**Task directions**
Exactly the lines from the one containing "- Stud earrings" through the one containing "Phlinice Panci Dandang" in the listing below are to be copied, with the pictures left out.

**Data for review**
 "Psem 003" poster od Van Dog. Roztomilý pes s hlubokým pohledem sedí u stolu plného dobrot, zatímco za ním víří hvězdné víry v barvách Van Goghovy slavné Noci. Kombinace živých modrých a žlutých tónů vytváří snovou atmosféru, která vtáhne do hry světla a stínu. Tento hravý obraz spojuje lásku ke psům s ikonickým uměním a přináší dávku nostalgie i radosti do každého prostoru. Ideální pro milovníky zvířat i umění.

...

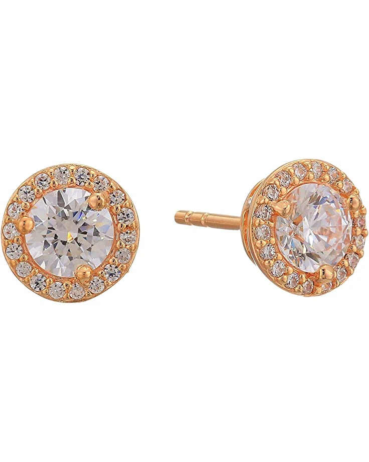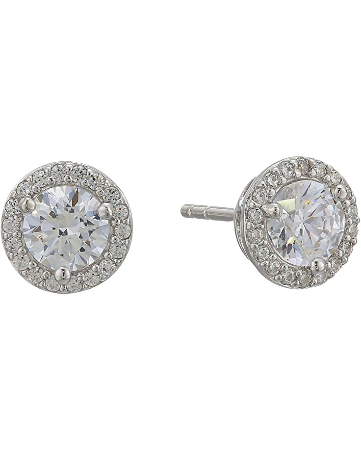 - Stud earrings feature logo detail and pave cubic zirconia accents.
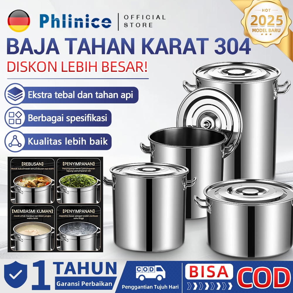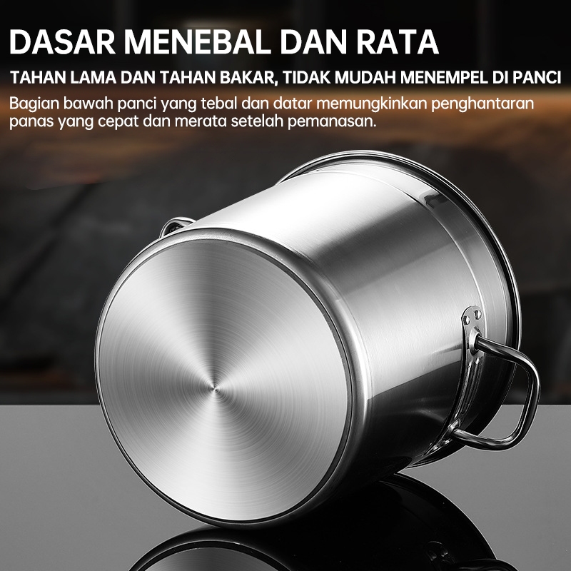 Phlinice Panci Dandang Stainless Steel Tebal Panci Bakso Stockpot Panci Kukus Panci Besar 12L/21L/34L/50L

* * *

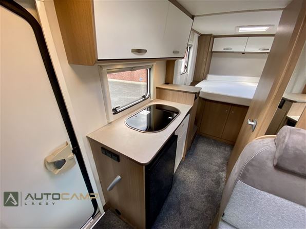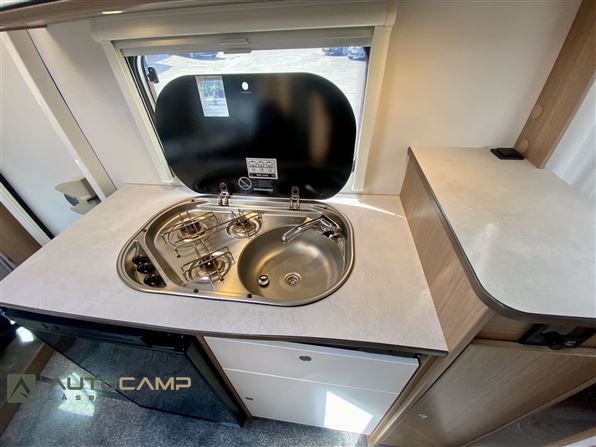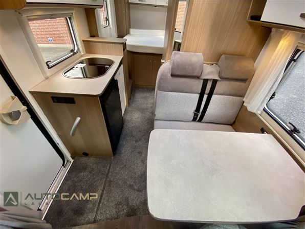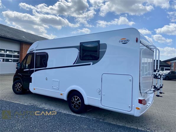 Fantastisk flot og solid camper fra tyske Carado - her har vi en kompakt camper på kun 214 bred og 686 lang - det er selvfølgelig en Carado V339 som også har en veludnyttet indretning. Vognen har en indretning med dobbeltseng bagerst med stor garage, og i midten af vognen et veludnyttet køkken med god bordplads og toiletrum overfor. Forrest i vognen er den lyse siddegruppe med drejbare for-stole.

**Answer section**
 - Stud earrings feature logo detail and pave cubic zirconia accents.
 Phlinice Panci Dandang Stainless Steel Tebal Panci Bakso Stockpot Panci Kukus Panci Besar 12L/21L/34L/50L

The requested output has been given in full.